According to Kant, as noted by Burnham, 2003, that the kinds of cognition characteristic of the contemplation of the beautiful are not all that different from ordinary cognition about things in the world; the faculties of the mind are 'understanding' which is responsible for concepts, and 'sensibility' which is responsible for intuitions.
Kant argued in aesthetic cognition there is no one determinate concept that pins down an intuition; intuition is allowed some free play and acts in harmony with the lawfulness in general of the understanding as common sense; hence the common sense was plausible as a possible explanation of the tendency to universality observed in aesthetic judgments.
Throughout the Four Moments of the Beautiful, Kant elaborated many important clues as to the transcendental account of the possibility of aesthetic judgment e.g. communicability, common sense and the harmony of the cognitive sub-faculties.
By deduction Kant explicitly attempted to demonstrate the universal communicability and thus inter-subjective validity of judgments of taste that there is a 'common sense' that humans all must have a kind of sensing ability which operates the same way.
The Sublime
For Kant, as it elaborated by Burnham, 2003, the other basic type of aesthetic experience is the sublime that is idea of absolute totality or absolute freedom, and thus the sublime is a kind of rapid alternation between the fear of the overwhelming and the peculiar pleasure of seeing that overwhelming overwhelmed.
According to Kant, the connection between the sublime and morality can be raised up that the whole sublime experience would not be possible if humans had not received a moral training that taught them to recognize the importance of their own faculty of reason.

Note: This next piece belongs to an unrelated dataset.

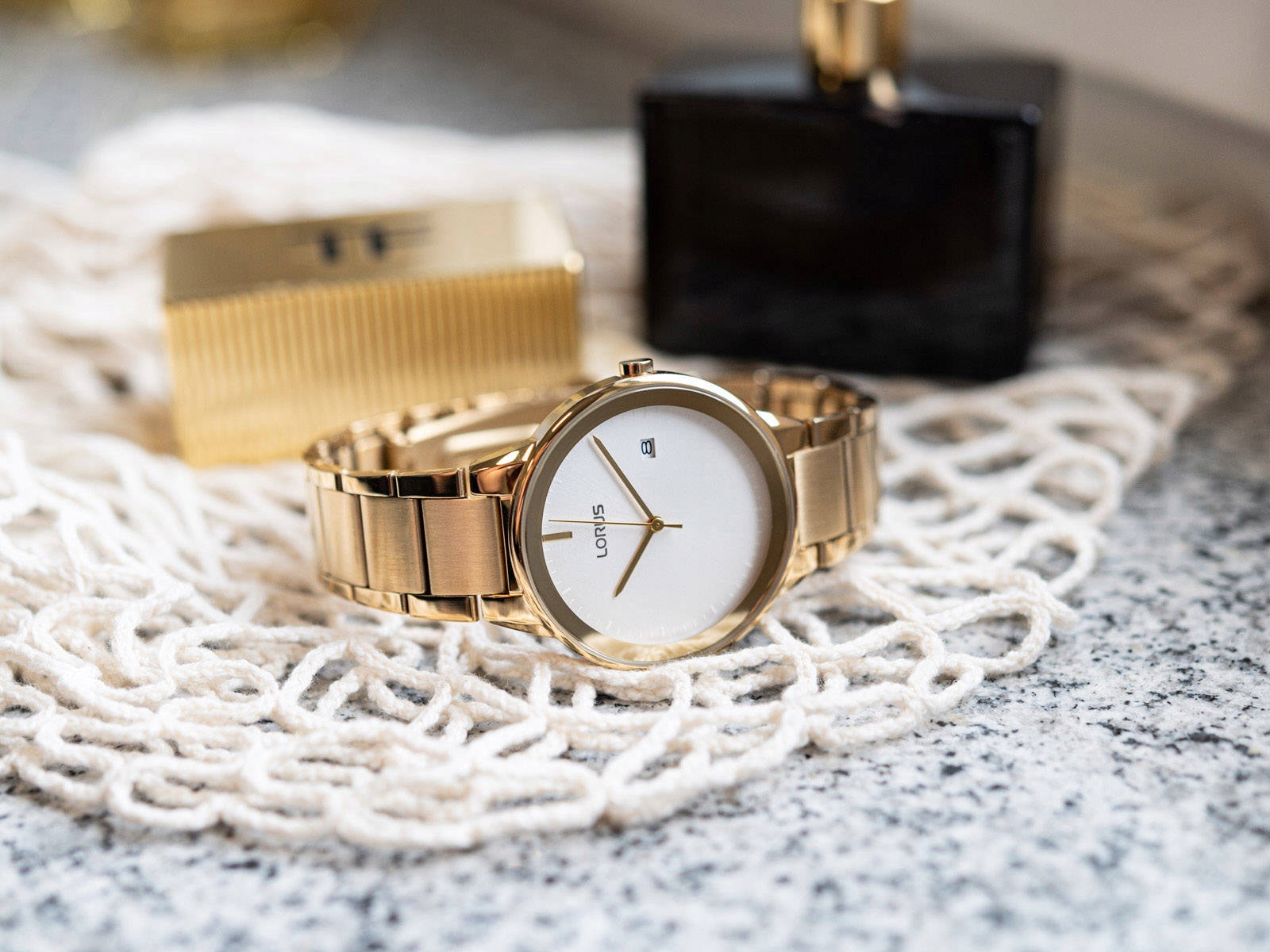 Цей годинник поєднує в собі золотий і білий кольори, що в поєднанні з універсальним розміром добре підходить як повсякденний аксесуар, а також для вечірнього вбрання.похід в кінотеатр або театр.

Kant noted that while the beautiful is concerned with form, the sublime may even be formless and while the beautiful indicates a purposiveness of nature that may have profound implications, the sublime appears to be counter-purposive, as well as although from the above one might expect the sublime experience to be painful in some way, in fact the sublime does still involve pleasure.
Kant, as it elaborated by Burnham, 2003, divides the sublime into the 'mathematical' that is concerned with things that have a great magnitude in and of themselves and the 'dynamically' that is things that have a magnitude of force in relation to us, particularly our will.
He defined mathematical sublime as something absolutely large that is large beyond all comparison; objects of sense are called 'sublime' only by a kind of covert sleight-of-hand.
According to Kant, the sublime experience has two-layer process that are a contra-purposive layer in which our faculties of sense fail to complete their task of presentation, and a strangely purposive layer in which this very failure constitutes a 'negative exhibition' of the ideas of reason which could not otherwise be presented.
Kant insisted that in the dynamically sublime a 'might' or power is observed in nature that is irresistible with respect to our bodily or sensible selves; in particular, nature is called 'sublime merely because it elevates the imagination to the exhibition of those cases wherein the mind can be made to feel the sublimity that is proper to its vocation.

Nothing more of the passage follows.